[Dataset records]

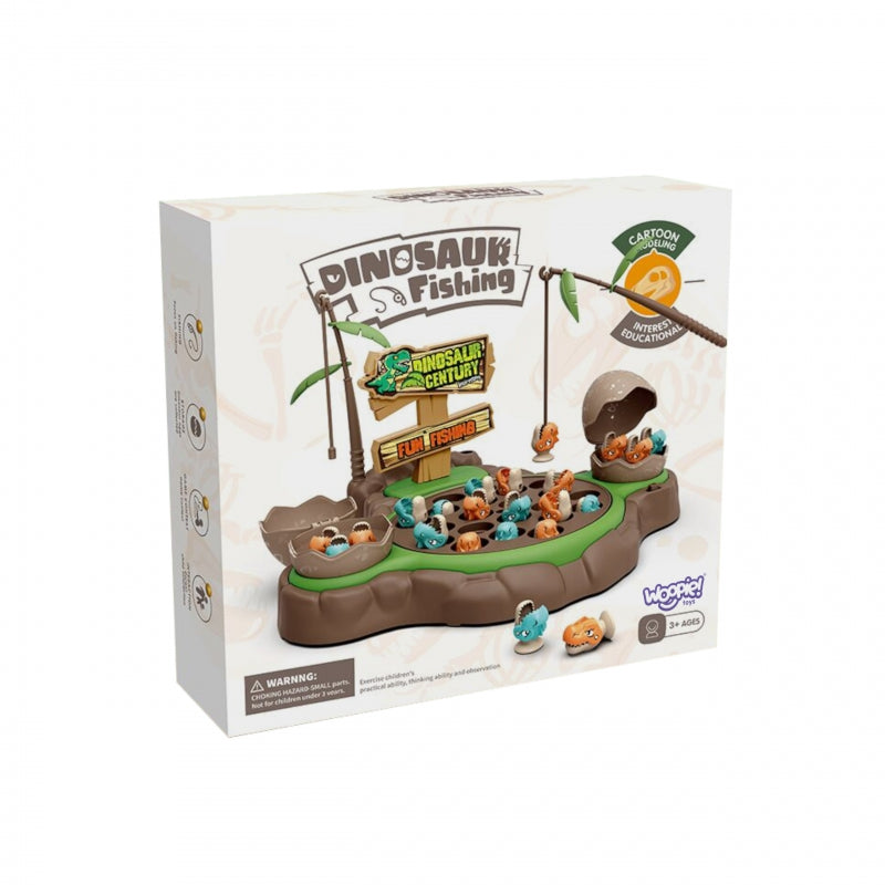 Het WOOPIE-spel ‘Vissen op Dino-visjes’ stimuleert de nieuwsgierigheid en fantasie van je kind! Op een draaiende schijf kunnen kleine dino-visjes gevangen worden met twee hengels. Met de knop aan de voorkant start je de draaiende beweging van de schijf of activeer je een vrolijk muziekje dat de spelpret vergroot. Aan weerszijden van de schijf zitten twee afgesloten eieren waarin de gevangen dino’s bewaard kunnen worden. Deze interactieve spelletjes bevorderen de fijne motoriek, stimuleren creatief en out-of-the-box denken en zorgen voor urenlang plezier tijdens het leren.
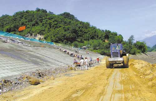 車在臨近水庫溢洪道的地方慢了下來,地震和降雨造成的山體塌方曾將該路段掩埋。塌方雖已基本清除,道路已能通行,但仍必須謹慎。山體滑坡的正下方,就是蓮花洞水庫的溢洪道,挖掘機正在將堵塞在溢洪孔道上的土石方轉移到大壩底部“壓腳”,以增強大壩安全性!耙绾榈莱袚雌谒畮煲绾楣δ,必須保持暢通。”寧順全告訴記者,目前上方的山體仍不穩(wěn)定,如遇長時大雨,有再次滑坡的可能,目前正準備對裂縫的巖石進行爆破。
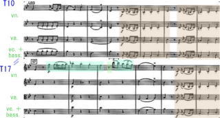 第2楽章の変奏曲。第1vn.のテーマから、変奏曲に続いていく。管楽器のsoloの箇所が多く、弦楽器とのバランスをとるところも聴き所。第3または第4変奏のT61からの部分。2人のob.とfg.が入る箇所。vn.は抑えて、低弦とfg.が明瞭に入っている。前の2曲に比べると、レンジが多少狭いようだが、バランスは前の2曲とも同様に良い雰囲気。
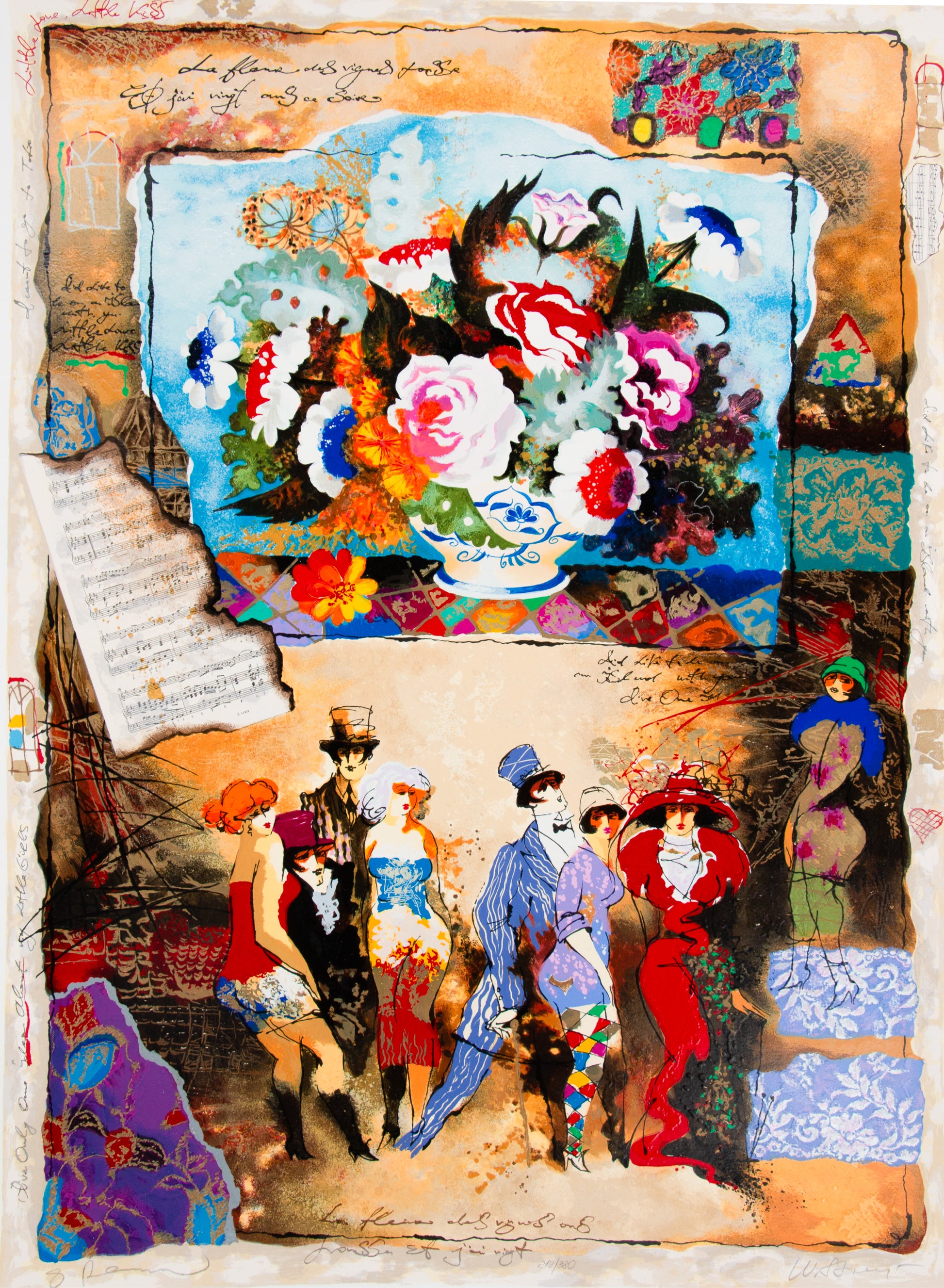 Born in 1959 in Crimea, Ukraine, Tanya Wissotzky and Alexander Galtchansky, after separate art school educations, continued their studies at the Kiev Institute of the Arts. Wissotzky focused on painting, while Alexander pursued book illustration. After marrying, they moved to Israel, collaborating in acrylic, pen and ink, and collage on prepared canvas. Their still lifes incorporate calligraphic excerpts and nostalgic quotes, evoking 1920s Paris. Their acclaimed work is displayed globally, featured in exhibitions from New York to Hamburg. Permanent exhibitions include Binyanei Hauma in Jerusalem, with their life and work explored in a published book.
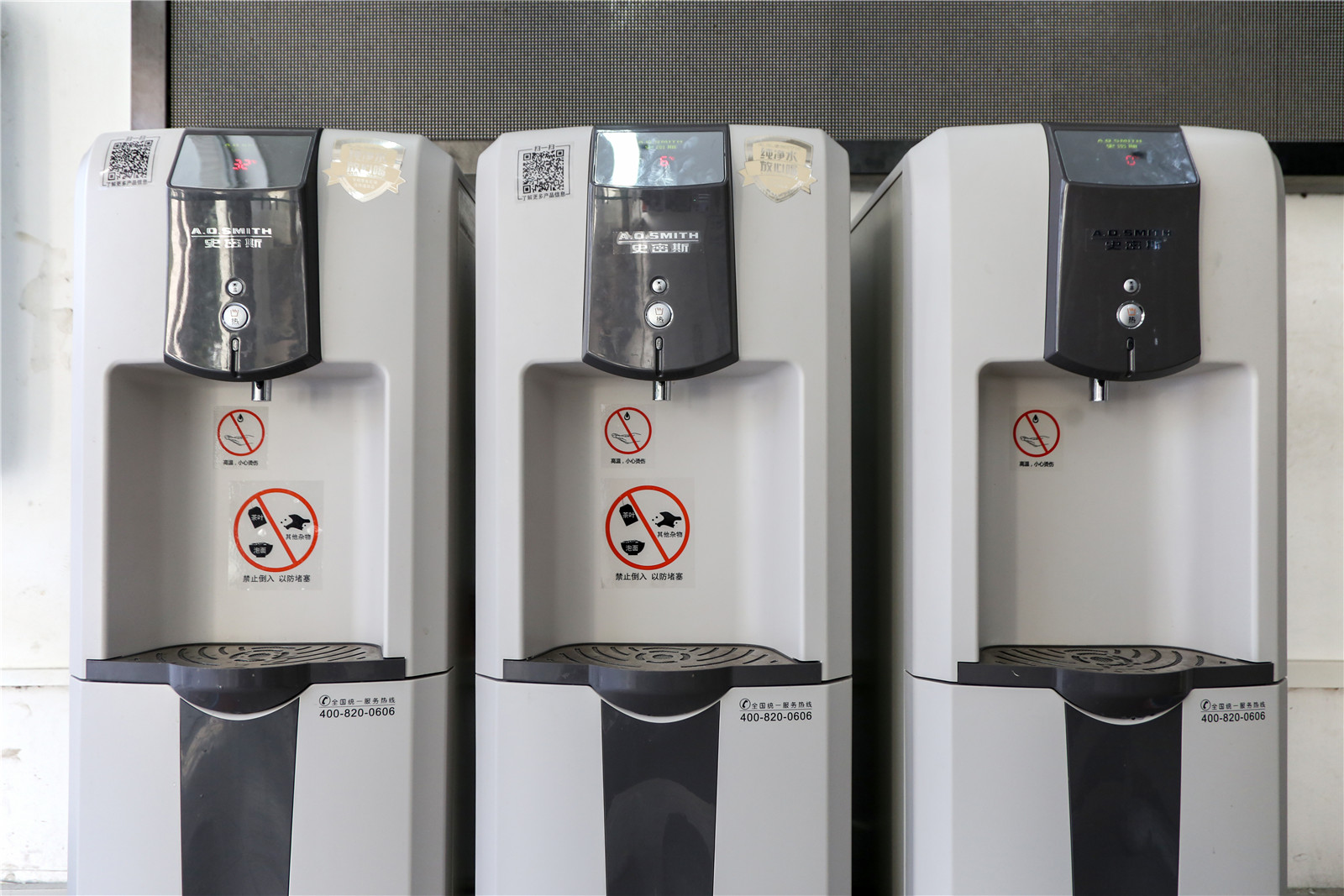 后勤保障部相关负责人告诉记者,更换饮水设备主要是出于对饮水安全和教学楼环境的考虑。桶装水在运输、存放等环节存在安全隐患,相关人员在检测后也发现,尽管检测后发现桶装水水质符合标准,但不及商用饮水机。再者,七、八号楼等主要教学楼,人流量大,对水的需求量也大,高峰期使用量每天可达两百桶。使用后的空桶堆放不齐,既不美观,也不卫生,还容易滚落撞伤人。综合各方面情况后,物业服务中心于今年年初开始筹备更换饮水设备。经过前期考察、商务谈判、合同签订等规范程序后,供应商于8月底将设备安装到位,并于今年9月投入使用。
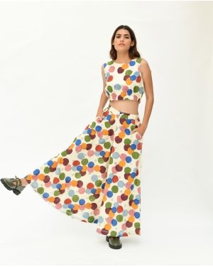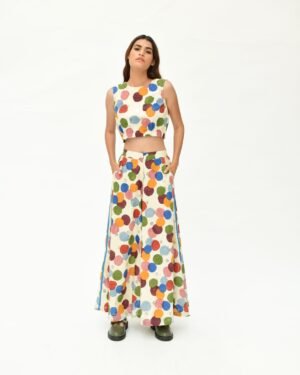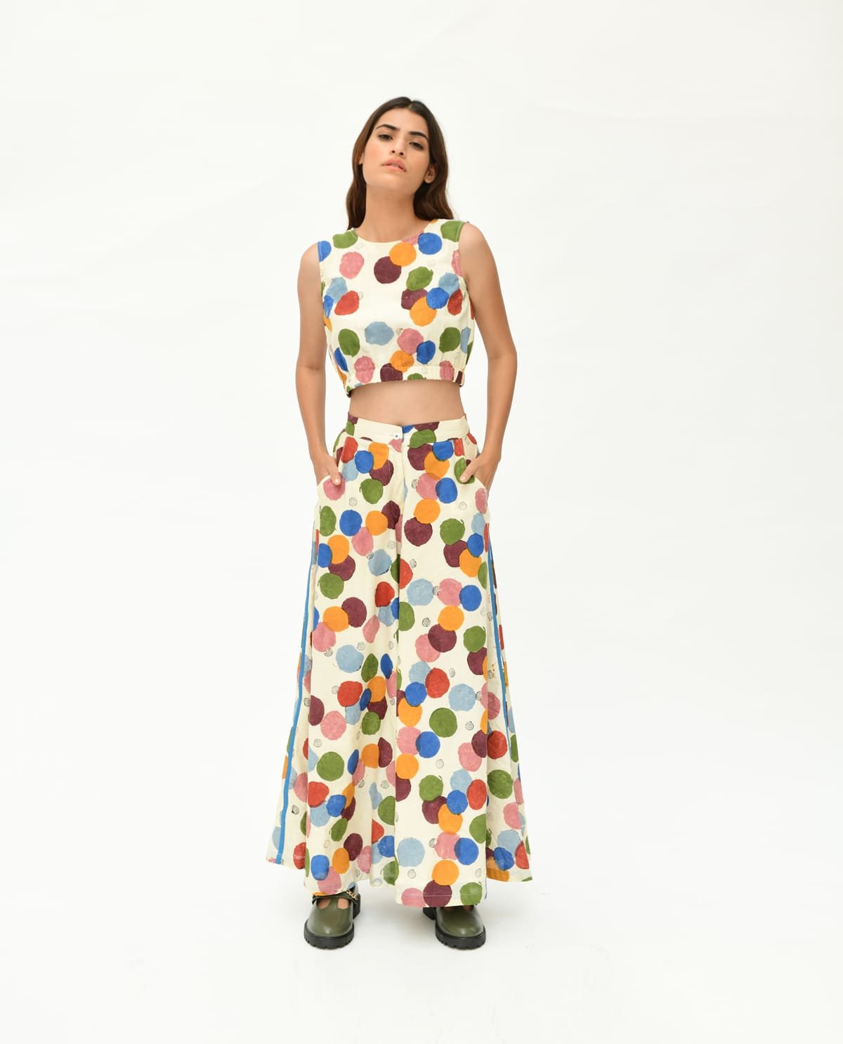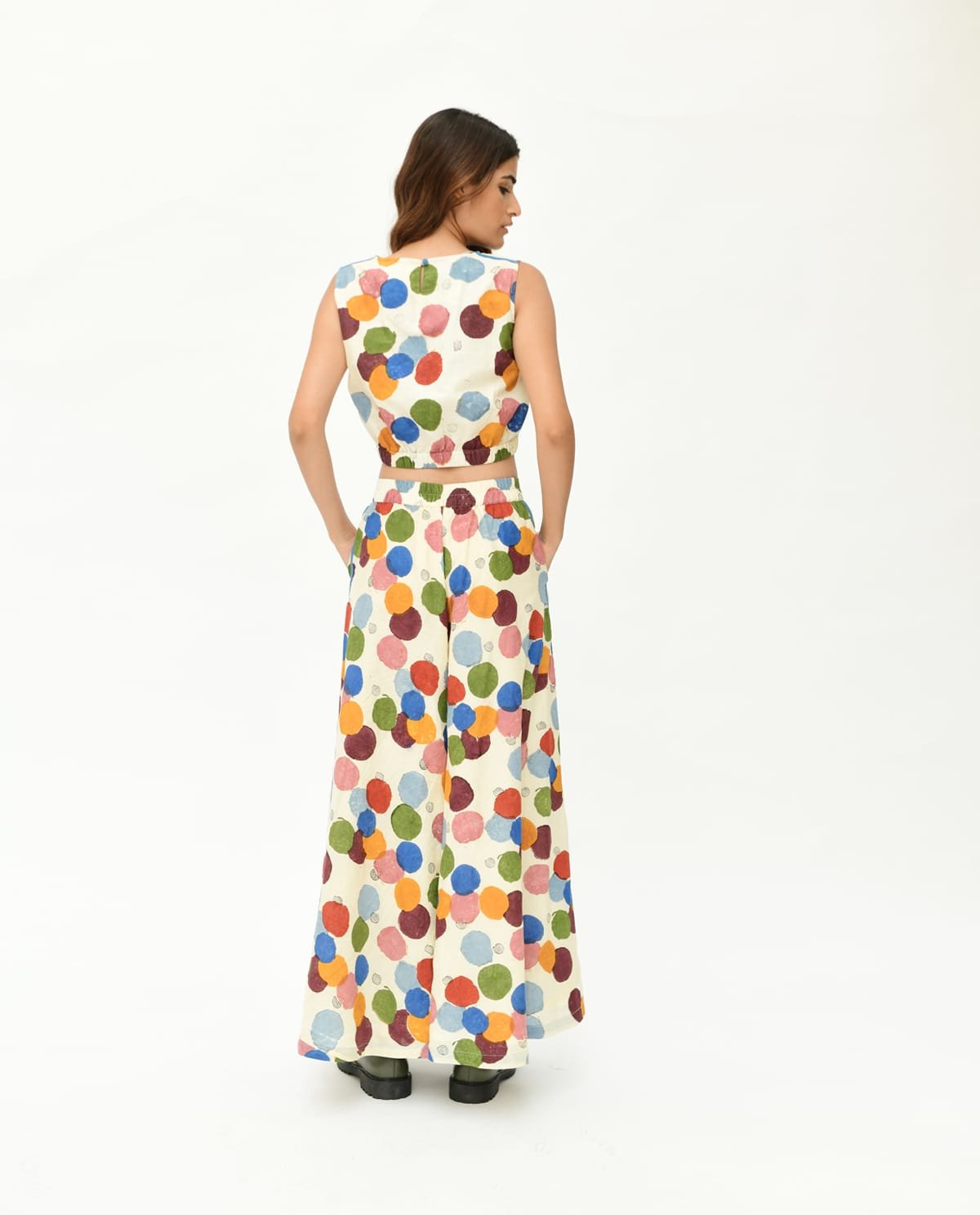 The Void Polka motif is meticulously handcrafted using eight hand-carved wooden blocks and eight rich natural colors, printed on handspun, handwoven fabric sourced from artisan villages in West Bengal. Each piece carries the touch of generations of skilled artisans, reviving age-old techniques through a contemporary lens. Inspired by Vedic tantric art and Songs of Tantra, this design fuses Rajasthani heritage with sustainable fashion, offering a timeless yet refreshing style statement.Design DetailsFabric & Material: 100% organic cotton, handspun & handwovenCraft: Traditional hand block printingLength (top): 16 inchesLength (pant): 39 inchesDesign Elements: Zero necks cropped with bottom elastic for top & Flared ankle length with side piping for pantsModel: 5'8", wearing size SFit: Relaxed silhouette

(TASK ITEM): Leave out the pictures, then return every line of the data exactly.

(YOUR SOLUTION):
 Het WOOPIE-spel ‘Vissen op Dino-visjes’ stimuleert de nieuwsgierigheid en fantasie van je kind! Op een draaiende schijf kunnen kleine dino-visjes gevangen worden met twee hengels. Met de knop aan de voorkant start je de draaiende beweging van de schijf of activeer je een vrolijk muziekje dat de spelpret vergroot. Aan weerszijden van de schijf zitten twee afgesloten eieren waarin de gevangen dino’s bewaard kunnen worden. Deze interactieve spelletjes bevorderen de fijne motoriek, stimuleren creatief en out-of-the-box denken en zorgen voor urenlang plezier tijdens het leren.
 車在臨近水庫溢洪道的地方慢了下來,地震和降雨造成的山體塌方曾將該路段掩埋。塌方雖已基本清除,道路已能通行,但仍必須謹慎。山體滑坡的正下方,就是蓮花洞水庫的溢洪道,挖掘機正在將堵塞在溢洪孔道上的土石方轉移到大壩底部“壓腳”,以增強大壩安全性!耙绾榈莱袚雌谒畮煲绾楣δ,必須保持暢通。”寧順全告訴記者,目前上方的山體仍不穩(wěn)定,如遇長時大雨,有再次滑坡的可能,目前正準備對裂縫的巖石進行爆破。
 第2楽章の変奏曲。第1vn.のテーマから、変奏曲に続いていく。管楽器のsoloの箇所が多く、弦楽器とのバランスをとるところも聴き所。第3または第4変奏のT61からの部分。2人のob.とfg.が入る箇所。vn.は抑えて、低弦とfg.が明瞭に入っている。前の2曲に比べると、レンジが多少狭いようだが、バランスは前の2曲とも同様に良い雰囲気。
 Born in 1959 in Crimea, Ukraine, Tanya Wissotzky and Alexander Galtchansky, after separate art school educations, continued their studies at the Kiev Institute of the Arts. Wissotzky focused on painting, while Alexander pursued book illustration. After marrying, they moved to Israel, collaborating in acrylic, pen and ink, and collage on prepared canvas. Their still lifes incorporate calligraphic excerpts and nostalgic quotes, evoking 1920s Paris. Their acclaimed work is displayed globally, featured in exhibitions from New York to Hamburg. Permanent exhibitions include Binyanei Hauma in Jerusalem, with their life and work explored in a published book.
 后勤保障部相关负责人告诉记者,更换饮水设备主要是出于对饮水安全和教学楼环境的考虑。桶装水在运输、存放等环节存在安全隐患,相关人员在检测后也发现,尽管检测后发现桶装水水质符合标准,但不及商用饮水机。再者,七、八号楼等主要教学楼,人流量大,对水的需求量也大,高峰期使用量每天可达两百桶。使用后的空桶堆放不齐,既不美观,也不卫生,还容易滚落撞伤人。综合各方面情况后,物业服务中心于今年年初开始筹备更换饮水设备。经过前期考察、商务谈判、合同签订等规范程序后,供应商于8月底将设备安装到位,并于今年9月投入使用。
 The Void Polka motif is meticulously handcrafted using eight hand-carved wooden blocks and eight rich natural colors, printed on handspun, handwoven fabric sourced from artisan villages in West Bengal. Each piece carries the touch of generations of skilled artisans, reviving age-old techniques through a contemporary lens. Inspired by Vedic tantric art and Songs of Tantra, this design fuses Rajasthani heritage with sustainable fashion, offering a timeless yet refreshing style statement.Design DetailsFabric & Material: 100% organic cotton, handspun & handwovenCraft: Traditional hand block printingLength (top): 16 inchesLength (pant): 39 inchesDesign Elements: Zero necks cropped with bottom elastic for top & Flared ankle length with side piping for pantsModel: 5'8", wearing size SFit: Relaxed silhouette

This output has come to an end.